In the geodataframe these geometries are encoded in a format known as [Well-Known Text (WKT)](https://en.wikipedia.org/wiki/Well-known_text_representation_of_geometry). For example:

> - POINT (30 10)
> - LINESTRING (30 10, 10 30, 40 40)
> - POLYGON ((30 10, 40 40, 20 40, 10 20, 30 10))
>
> *where coordinates are separated by a space and coordinate pairs by a comma*

Your geodataframe may also include the variants **multipoints, multilines and multipolgyons** if the row-level feature of interest is comprised of multiple parts. For example, a geodataframe of states, where one row represents one state, would have POLYGON geometry for Utah but MULTIPOLYGON for Rhode Island, which includes many small islands.

> It's ok to mix and match geometries of the same family, e.g., POLYGON and MULTIPOLYGON, in the same geodatafame.

You can check the types of geometries in a geodataframe or a subset of the geodataframe by combining the `type` and `unique` methods.


In [None]:
tracts_gdf['geometry'].type.unique()

### Plotting a Geodataframe
Let's now go ahead and use the GeoPandas gdf `plot` method to map all of our tracts.

In [None]:
# Plot the gdf
tracts_gdf.plot()

> ### Wow! How cool is that?

### Select Census Tracts for Alameda County

We want to subset the tracts to get the data for Alameda county.
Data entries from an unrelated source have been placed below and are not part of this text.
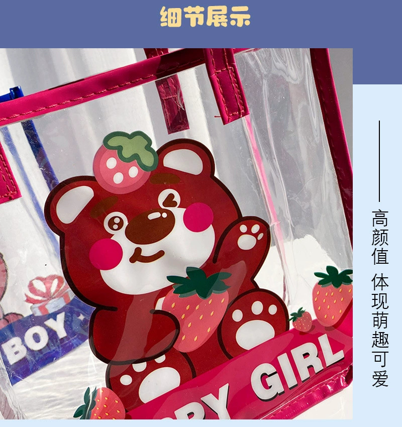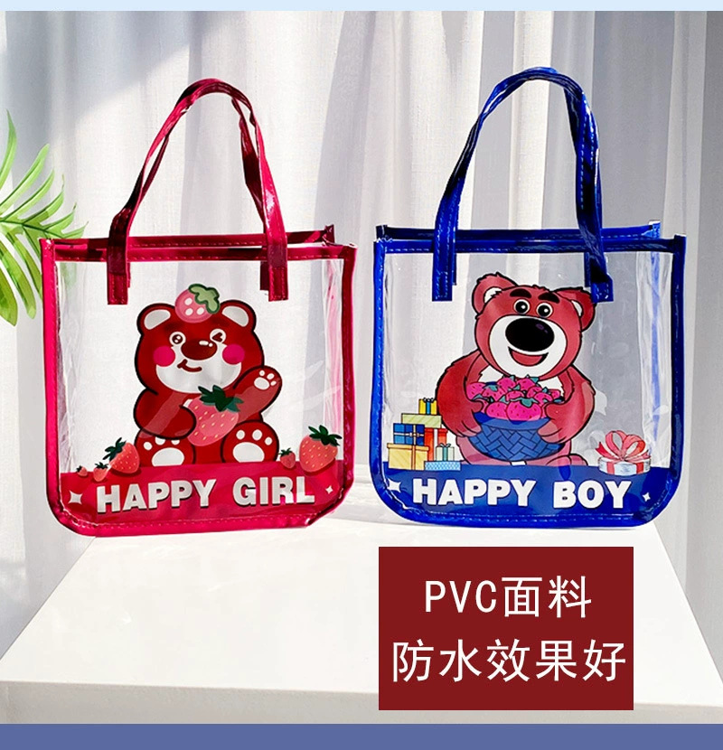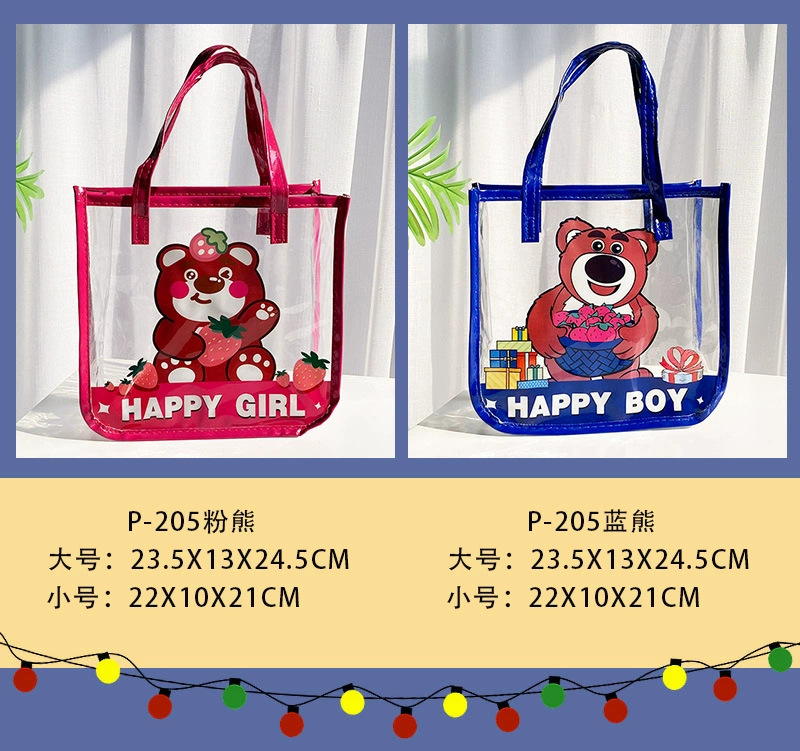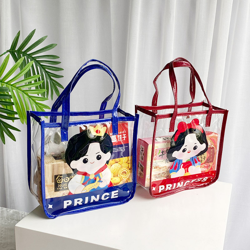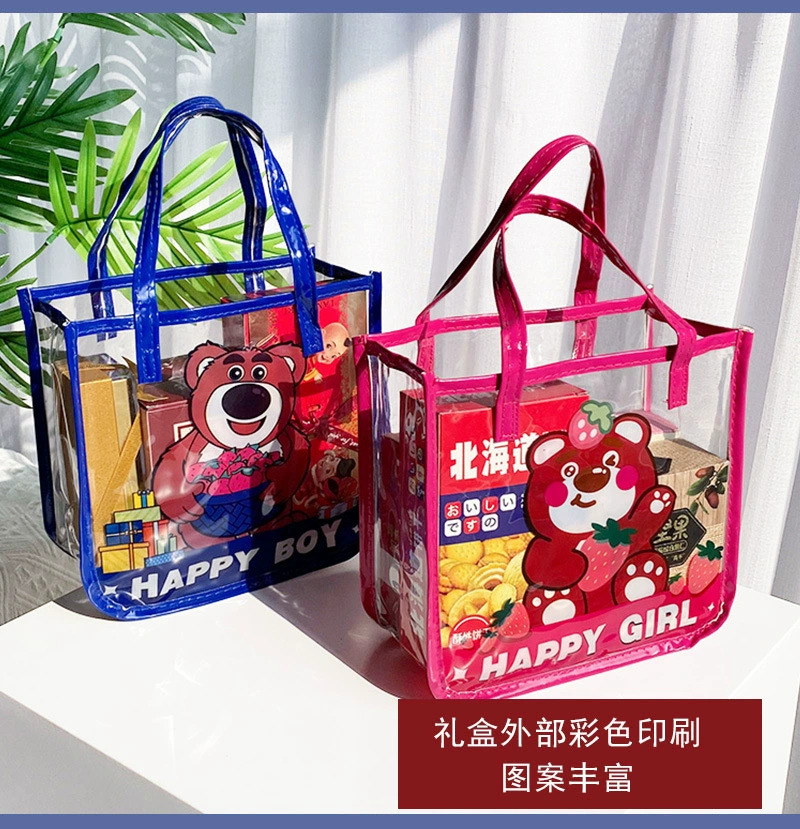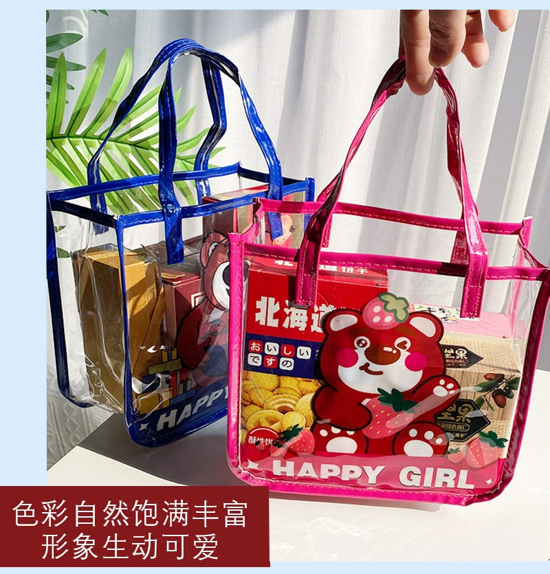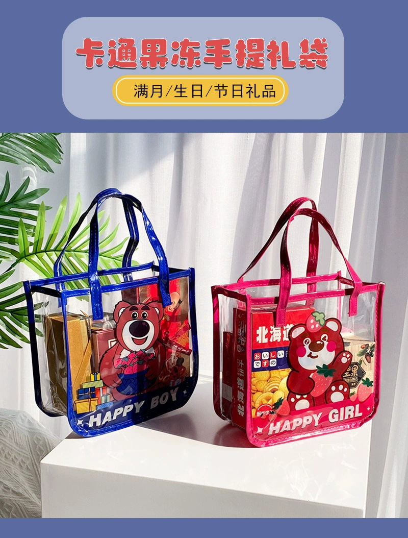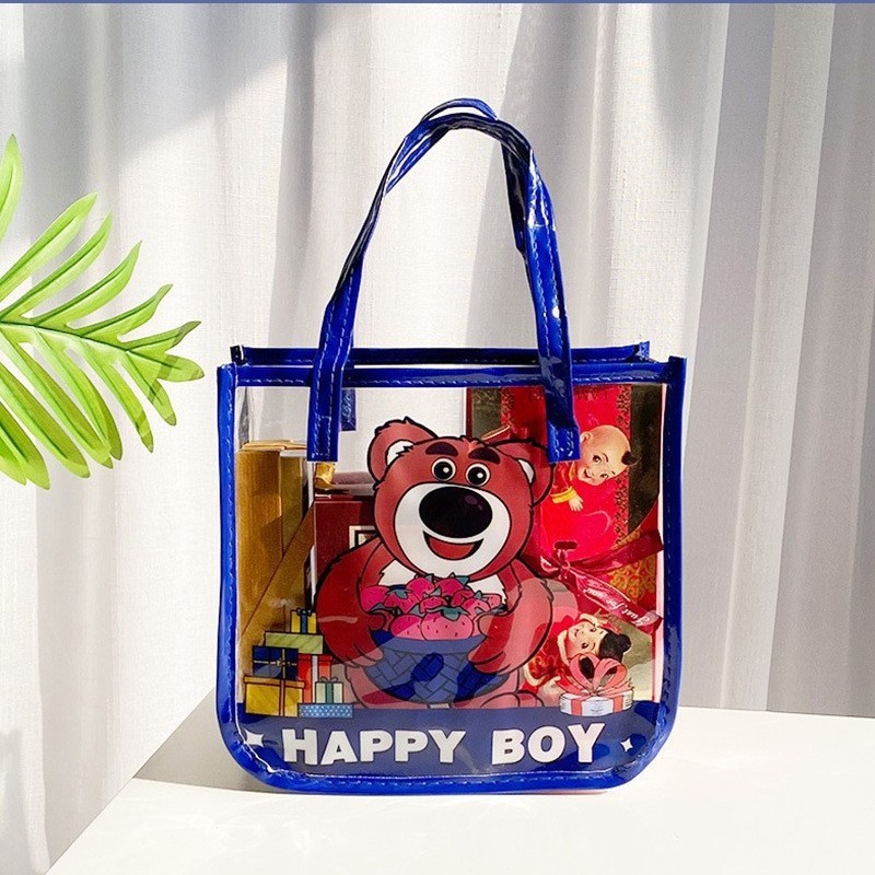 무료 배송 공장 가격 재고 어린이 날 선물 가방 투명 가방 만화 토트 생일 선물 포장 수 있습니다
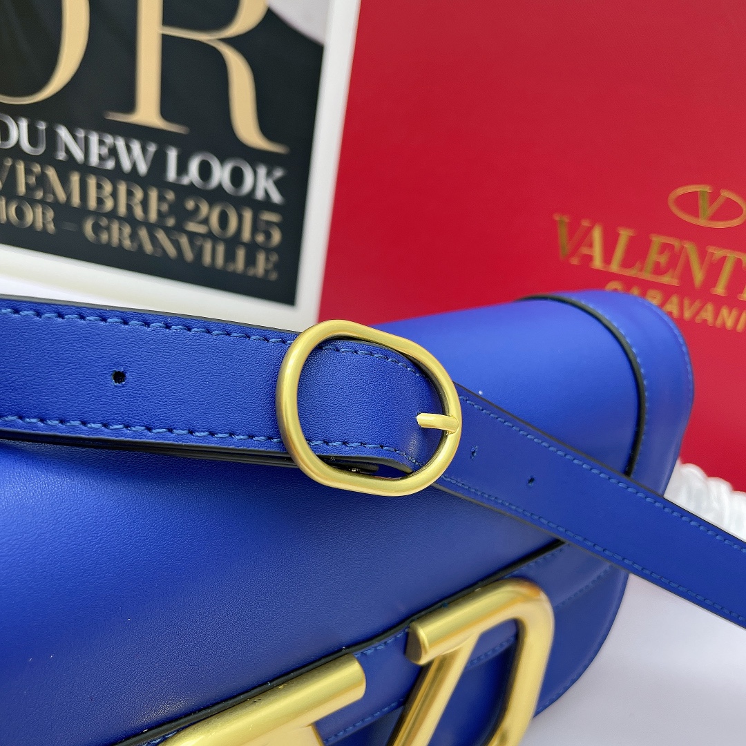 Valentino’s early spring runway collection features the Valentino Garavani MAXI Crossbody Bag, crafted from premium calf leather. The bag showcases a large metallic logo and comes with an adjustable shoulder strap. It is adorned with vacuum-plated metal hardware and a snap button closure. The interior boasts three storage compartments, one slip pocket, and ample capacity. The imported leather provides a soft and luxurious feel.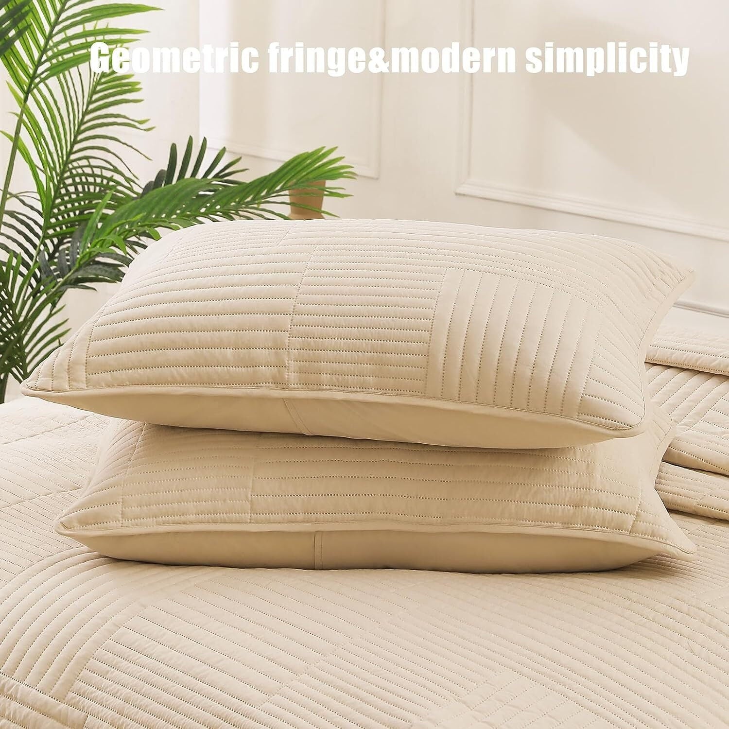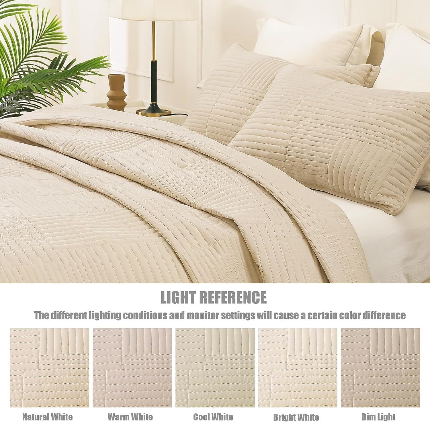 The soft and lightweight quilt set is made of breathable microfiber polyester, suitable for all seasons. The microfiber coverlet is durable, washable and dry-friendly. It holds up well in the wash, no fading, no pilling, no shedding, no deformation.It is a ultrasonic quilt bedding set that can be used as bed cover, coverlet and bedspread in bedroom, living room, guestroom.??Size?? Queen size quilt set includes 1 bedspread (96x90 inches) and 2 pillowcases (20x26 inches); King size quilt set includes 1 bedspread (104x96 inches) and 2 pillowcases (20x36 inches). Twin size quilt includes 1 bedspread (88x68 inches) and 1 pillowcase (20x36 inches). Measure your bed/mattress and choose a suitable size to make it drape nicely to the floor.??High-Quality Fabric??Quilt sets are filled with high quality microfibers. Premium microfiber bed covers are soft and comfortable, just like sleeping on a cloud. This extra soft and durable quilt features a lightweight construction which is perfect for layering. Not only that, ultrasonic stitching will not unravel and allows for many years of continued use.??Multi-occasion use??Used as quilt, bedspread, comforter set, blanket, bed cover etc. Perfect coverlet quilt for spring and autumn, or the hot summer and cold winter. Feeling a little cool in hot weather, and also can be used in winter as a blanket. Order 1 set and be used in all seasons. Enjoyed in the bedroom, guest room, kids room. Great gift idea for men and women, boys and girls, kids and teens at all ages!??Pretty Patterns??Quilted with plaid geometric patterns, this beautiful solid color bedspread stands out from plain ones, giving your bedroom and living room an elegant vibe.??Easy to Care??Premium quality fabric will not crumble and requires little care when washing, which saves your much time. Machine washable in cold water, tumble dry and do not bleach.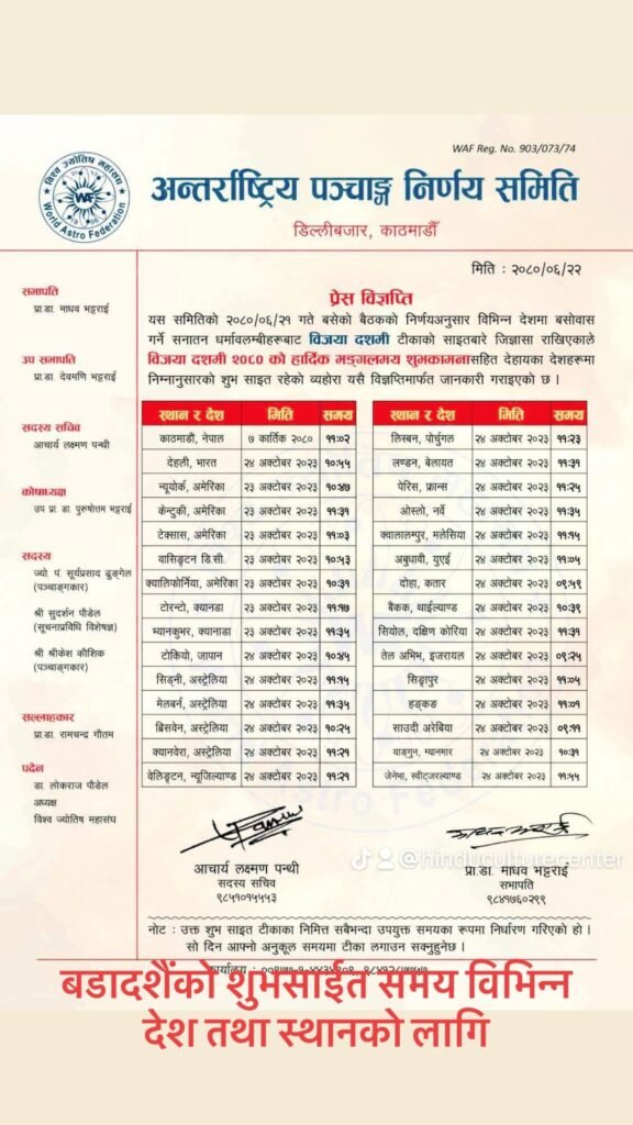 नेपाल पञ्चाङ्ग निर्णायक विकास समिति र अन्तर्राष्ट्रिय पञ्चाङ्ग निर्णय समितिको असोज २१ गते बसेको बैठकले टीकाको शुभ साइत र समय तालिका निर्धारण गरेका छन् ।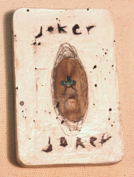 2010 hand painted joker playing card glued atop 10 other cards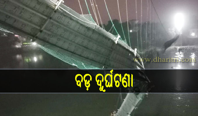 ଅହମ୍ମଦାବାଦ,୩୦।୧୦: ଗୁଜରାଟର ମୋର୍ବିରେ ରବିବାର ଏକ ବଡ଼ ଦୁର୍ଘଟଣା ଘଟିଛି। ଏଠାରେ ମଚ୍ଛୁ ନଦୀରେ ନିର୍ମିତ ଝୁଲା ପୋଲ ହଠାତ୍ ଭାଙ୍ଗି ଯାଇଛି। ଦୁର୍ଘଟଣା ସମୟରେ ପୋଲ ଉପରେ ଅନେକ ଲୋକ ଉପସ୍ଥିତ ଥିଲେ। ସମସ୍ତେ ସେଠାରେ ଛଠ୍ ପର୍ବ ପାଳନ ପାଇଁ ଏକତ୍ର ହୋଇଥିଲେ। ଏବେ ଉଦ୍ଧାର କାର୍ଯ୍ୟ ଚାଲିଛି। ନିକଟରେ ନବୀକରଣ ପରେ ଏହି ପୋଲକୁ କାର୍ଯ୍ୟକ୍ଷମ କରାଯାଇଥିଲା।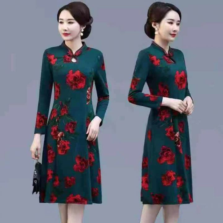 100左右秋装复古日常可穿高贵名媛气质中国风显瘦旗袍改良版长款连衣裙!尺...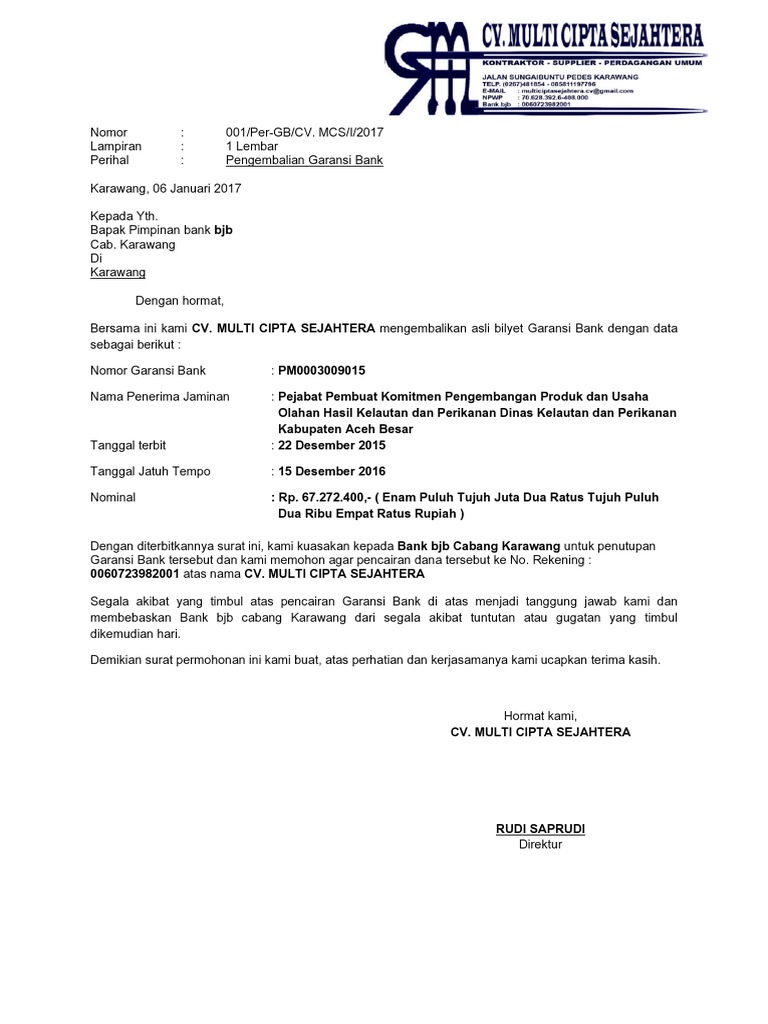 Format Jaminan BankGaransi Bank Lamp. Contoh surat permohonan pencairan garansi bank have a graphic from the other contoh surat permohonan pencairan garansi bank it also will feature a picture of a kind that may be seen in the gallery of contoh surat permohonan pencairan garansi bank. Singo Dimejo RT 03 RW 04 No.

In order to do this, let's first check what variables we have and what the data looks like.

In [None]:
tracts_gdf.head(3)

In [None]:
tracts_gdf.columns

Here's what each variable means:
- `STATEFP`: State FIPS code 
- `COUNTYFP`: County FIPS code
- `TRACTCE`: Census tract code
- `AFFGEOID`: Summary level code + geovariant code + '00US' + GEOID
- `GEOID`:  Census tract identifier; a concatenation of Current state FIPS code, county FIPS code, and census tract code
- `NAME`:  Census tract name
- `LSAD`:  Legal/statistical description with the census tract name
- `ALAND`: Area that is land, in square meters
- `AWATER`:  Area that is water, in square meters
- `geometry`: Geometry of tract

Let's take a closer look at the county identifiers.

In [None]:
# Are the county codes
tracts_gdf['COUNTYFP'].unique()

Since the county code for Alameda County is `001`, let's subset our data using that knowledge so we can focus on our area of interest.

In [None]:
tracts_gdf_ac = tracts_gdf[tracts_gdf['COUNTYFP']=='001']
tracts_gdf_ac.plot()
plt.show()

Nice! Looks like we have what we were looking for.

*FYI*: You can also make dynamic plots of one or more county without saving to a new gdf.

In [None]:
# Dynamic plot of the census tracts for the 10 County Bay Area
# Alameda, Contra Costa, Marin, Napa, San Francisco, San Mateo, Santa Clara, Santa Cruz, Solano, Sonoma
tracts_gdf[tracts_gdf['COUNTYFP'].isin(['001','013','041','055','075','081', '085','087','095','097'])].plot()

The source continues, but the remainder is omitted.